In order to avoid building the fairly large amplification circuit four times over, an anaolg multiplexer (TI cd4067b) was used to route all four sensor signals to the same amplification circuitry. Difficulties arose with this, as the control voltage requires to switch the mux was greater than the 55 could ouput. To deal with this, we used a BJT as a voltage amplifier to allow the control singals to switch between VCC and ground.

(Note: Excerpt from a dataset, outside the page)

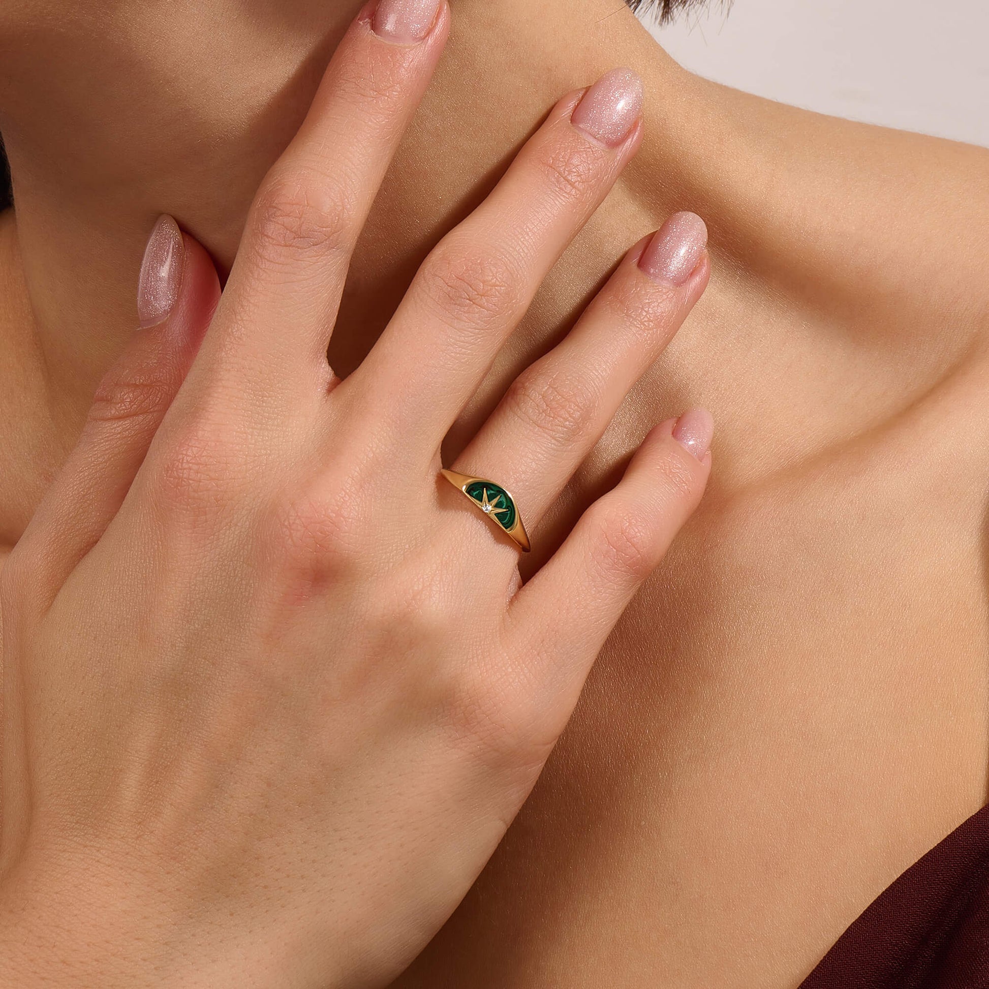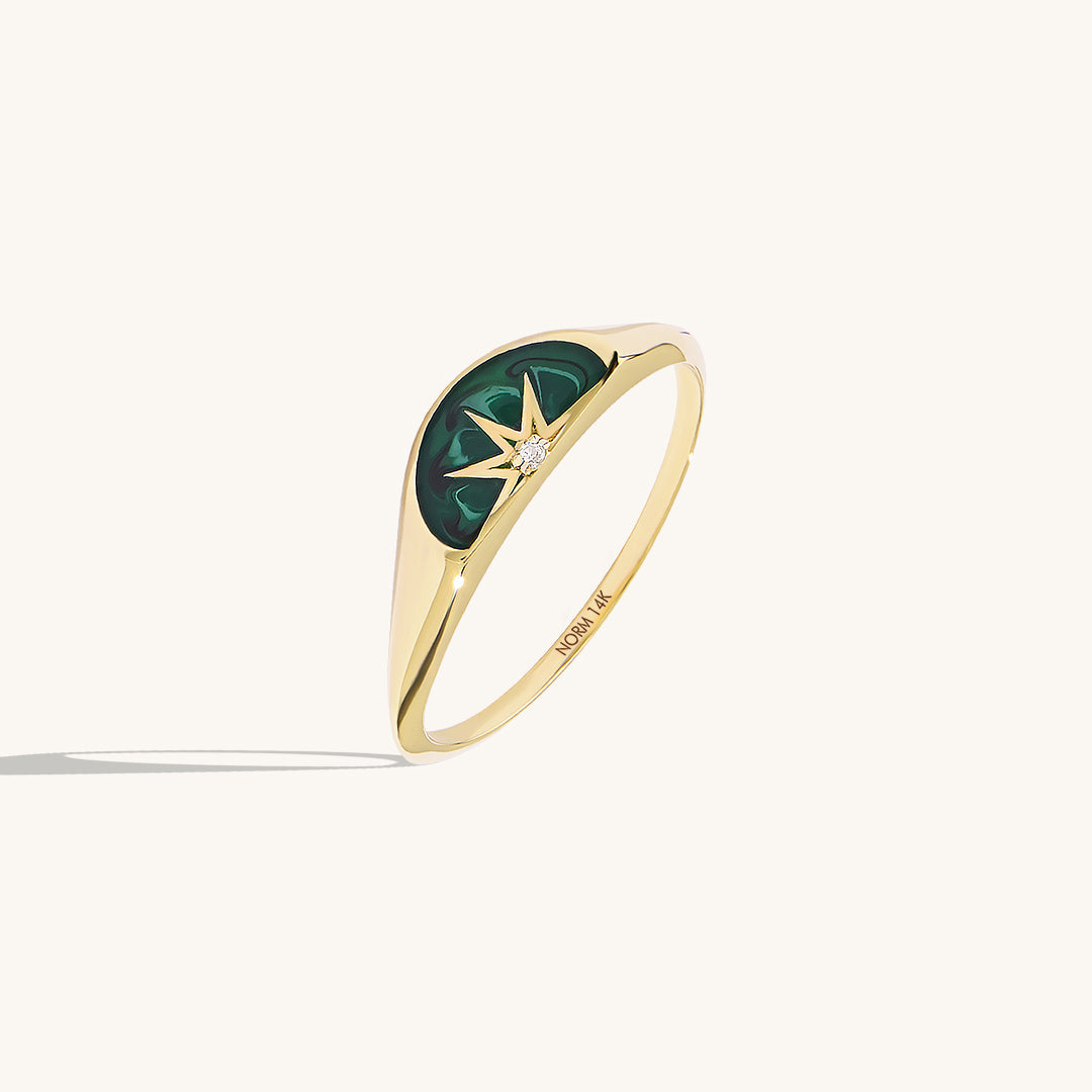 Introducing our Sun Green Enamel Half Signet Ring – a celestial marvel for the modern individual. This unique ring features a half signet design finished with vibrant green enamel and adorned with a captivating gold sun motif. This piece combines cosmic inspiration with timeless elegance, making it a symbol of guidance and individuality. Elevate your look with the celestial beauty of the Sun Green Enamel Half Signet Ring.

Our steering servo circuitry was minimal, requiring only a 5V regulator to drive the power line of the servo, with the PWM coming directly from the 555. The motor control circuity, on the other hand, proved to be quite a headache. Our first problem was that the motor could not be directly controlled by the 555 PWM output; rather, we had to use a FET as a current buffer. The second and larger problem arose from the interference between the sensors and motor. In order for the FET to switch in response to the 555 PWM output, it needed to share a ground line with the chip (and thus the sensors). However, doing so caused enough interference on the sensor lines that the direction control no longer functioned. We experimented with using a phototransistor to switch the FET, while keeping the motor and sensor power/ground lines completely seperate, but ultimately we ended up passing the PWM signal through a BJT, and then to the FET. The ground lines for the motor and sensors were common, but required a large amount of capacitance between VCC and ground, as well as software control modifications in order to prevent the motor from disabling the sensors.